Oleh karena itu, FMB membuat tiga seruan. Pertama, meminta Pemerintah Kota dan Kabupaten Bogor untuk tidak memfasilitasi perayaan Imlek dan Cap Go Meh di wilayah Bogor. Kedua, FMB menyeru kepada para ulama dan semua tokoh Muslim untuk menjelaskan kepada umat mengenai fakta Cap Go Meh dan bahayanya terhadap akidah umat, melalui khutbah Jum’at, ceramah, kajian dan lainnya. Ketiga, FMB mengajak umat Islam senantiasa memperkuat akidah Islamiyah.

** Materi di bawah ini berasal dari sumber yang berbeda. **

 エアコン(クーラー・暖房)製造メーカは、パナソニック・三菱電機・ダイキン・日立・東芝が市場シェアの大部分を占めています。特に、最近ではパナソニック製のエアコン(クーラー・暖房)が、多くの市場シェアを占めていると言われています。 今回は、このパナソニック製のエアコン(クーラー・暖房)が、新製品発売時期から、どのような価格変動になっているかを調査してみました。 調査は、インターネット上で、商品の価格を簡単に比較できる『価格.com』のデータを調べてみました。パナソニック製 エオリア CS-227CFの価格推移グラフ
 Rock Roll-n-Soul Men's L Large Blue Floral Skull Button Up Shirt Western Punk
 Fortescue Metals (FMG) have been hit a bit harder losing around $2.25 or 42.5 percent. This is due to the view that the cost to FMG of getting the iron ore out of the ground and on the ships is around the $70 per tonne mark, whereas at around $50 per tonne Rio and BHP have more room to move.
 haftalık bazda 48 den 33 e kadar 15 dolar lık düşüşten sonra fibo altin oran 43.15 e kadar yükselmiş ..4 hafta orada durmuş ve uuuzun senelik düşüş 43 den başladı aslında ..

FMB juga mengimbau umat Islam tidak menghadiri dan mengikuti perayaan Imlek dan Cap Go Meh yang dilakukan oleh masyarakat Tionghoa, serta tidak menggunakan pernak-pernik Imlek dan Cap Go Meh seperti lampion, angpao, petasan, barongsai, serta pernak-pernik lainnya.
FMB bahkan mengimbau umat Islam untuk tidak mengucapkan selamat Tahun Baru Imlek “Gong Xi Fa Cai”, Menurut FMB, dengan mengucapkan Selamat tahun Baru Imlek berarti umat Islam setuju dengan agama kaum Tionghoa, dan ini merupakan pintu kekafiran yang harus dijauhi.

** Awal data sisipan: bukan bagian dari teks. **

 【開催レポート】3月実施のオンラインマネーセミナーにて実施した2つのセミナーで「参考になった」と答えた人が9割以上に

Menurut Guntur, sudah saatnya sekarang umat Islam di Indonesia bersikap dewasa. “Jangan terkesan serba takut dan minder,” ujar Guntur.
“Umat Islam justru harus menunjukkan bahwa Islam adalah agama yang membawa rahmat bagi seluruh alam, bukan justru mendorong perpecahan dan permusuhan,” pungkasnya.